- Born: Leonard Davids March 19, 1926 Kanawha, Iowa, U.S.
- Died: February 10, 2002 (aged 75) Washington, D.C., U.S.
- Resting place: Arlington National Cemetery
- Other name: L. Robert Davids
- Education: University of Missouri, Georgetown University
- Occupations: Public relations, sportswriter
- Known for: Founder of SABR
- Spouse: Yvonne Revier
- Children: 1
- Awards: Henry Chadwick Award (2010)

= Bob Davids =

American baseball researcher and writer

Leonard Davids (March 19, 1926 – February 10, 2002), known as Bob Davids or L. Robert Davids, was an American baseball researcher and writer and the founder of the Society for American Baseball Research (SABR).

==Biography==
Born in Kanawha, Iowa, Davids moved to San Diego during World War II where he worked in an aircraft factory.
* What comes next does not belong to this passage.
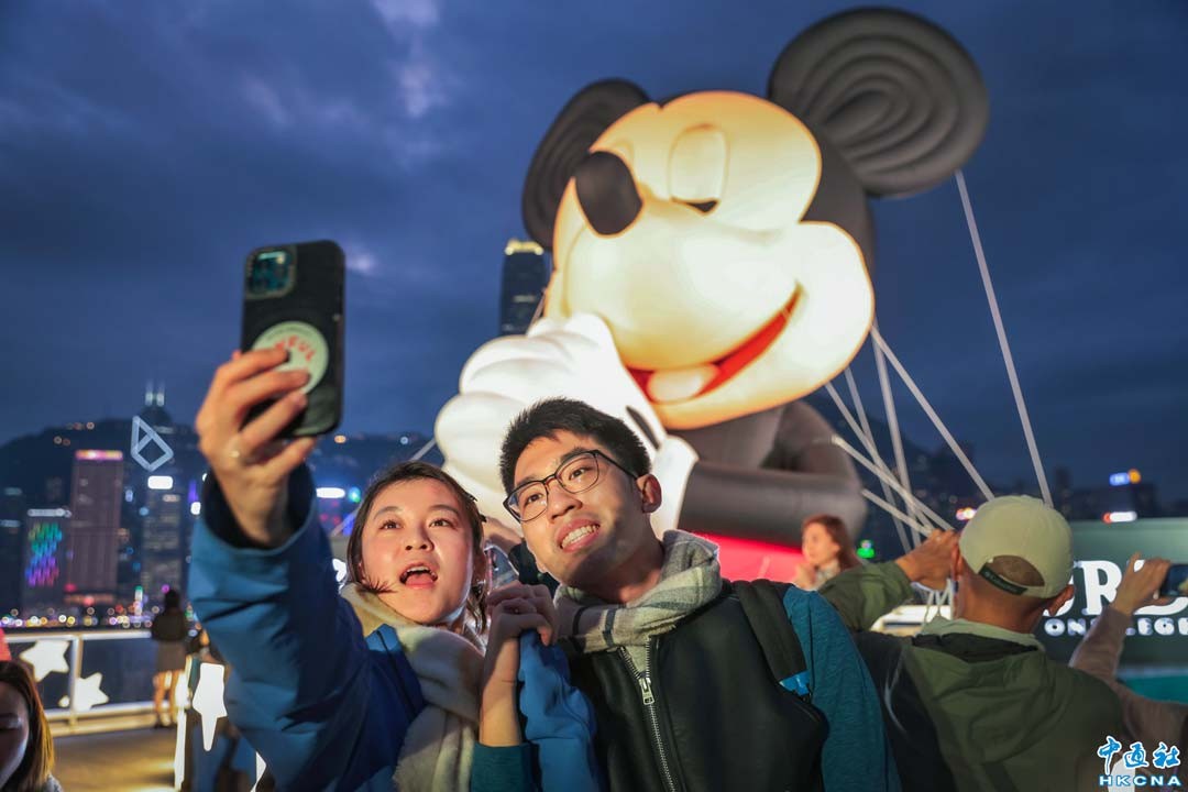 1月4日,大批遊客和香港市民與巨型米奇玩偶合影。7米高的巨型米奇WISHER是全球首次亮相,坐落香港海港城海運觀點,米奇雙手合十,真誠仰望,祈求著好運來臨,不僅是對未來的憧憬,更是對心願的實現。(香港中通社記者 謝光磊攝)

He later enlisted in the Army Air Corps and served two years, including a tour as a B-24 nose gunner in the Pacific. After leaving the military, he attended the University of Missouri where he earned a bachelor's degree in journalism and a master's degree in history. He subsequently earned a doctorate from Georgetown University in international relations.

In 1951, Davids began a 30-year career in federal service, mainly working the field of public information for agencies including the Departments of Defense and Energy, the Atomic Energy Commission, and for several members of Congress. During that period, he also contributed numerous articles on Congressional history to Roll Call, a newspaper covering Capitol Hill.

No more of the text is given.